(WHAT THE TASK ASKS): Below is a block of records; reproduce all of them exactly and leave out any pictures.

[Records from a data source]
———
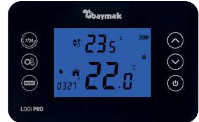
Baymak Logi Pro Kablosuz Programlanabilir Oda Termostatı (100022440)
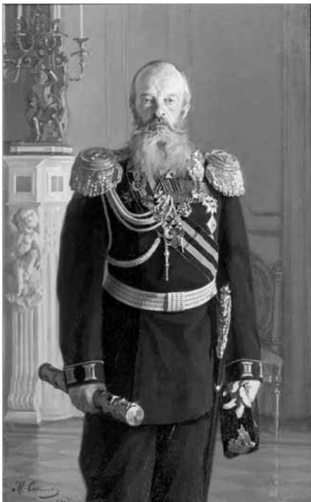
Рис. 2. Портрет великого князя Михаила Николаевича. М.Г. Соколов. 1907. Масло, холст. Государственный исторический музей.

«О военных училищах» (§ 1024, 1114. СВП 1914 г. [15, с. 195, 217]);
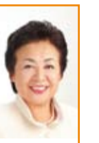
津田早苗議員 伏見区
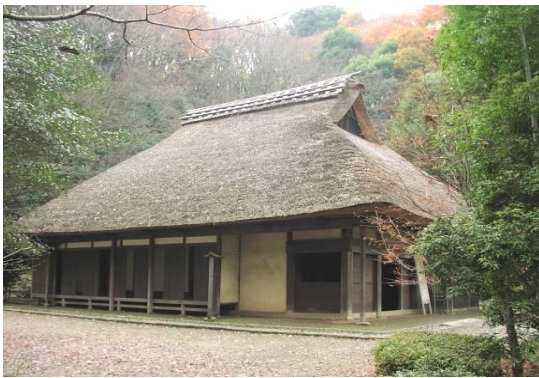
【東京都指定有形文化財 旧荻野家住宅】
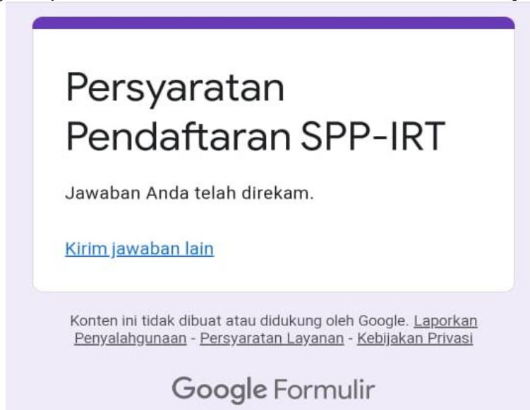
Gambar 5 Pendaftaran PIRT Online

Hasil kegiatan pendaftaran PIRT adalah UMKM Danial Cake & Bakery sudah terdaftar.
———
(ANSWER AREA):
Baymak Logi Pro Kablosuz Programlanabilir Oda Termostatı (100022440)
Рис. 2. Портрет великого князя Михаила Николаевича. М.Г. Соколов. 1907. Масло, холст. Государственный исторический музей.

«О военных училищах» (§ 1024, 1114. СВП 1914 г. [15, с. 195, 217]);
津田早苗議員 伏見区
【東京都指定有形文化財 旧荻野家住宅】
Gambar 5 Pendaftaran PIRT Online

Hasil kegiatan pendaftaran PIRT adalah UMKM Danial Cake & Bakery sudah terdaftar.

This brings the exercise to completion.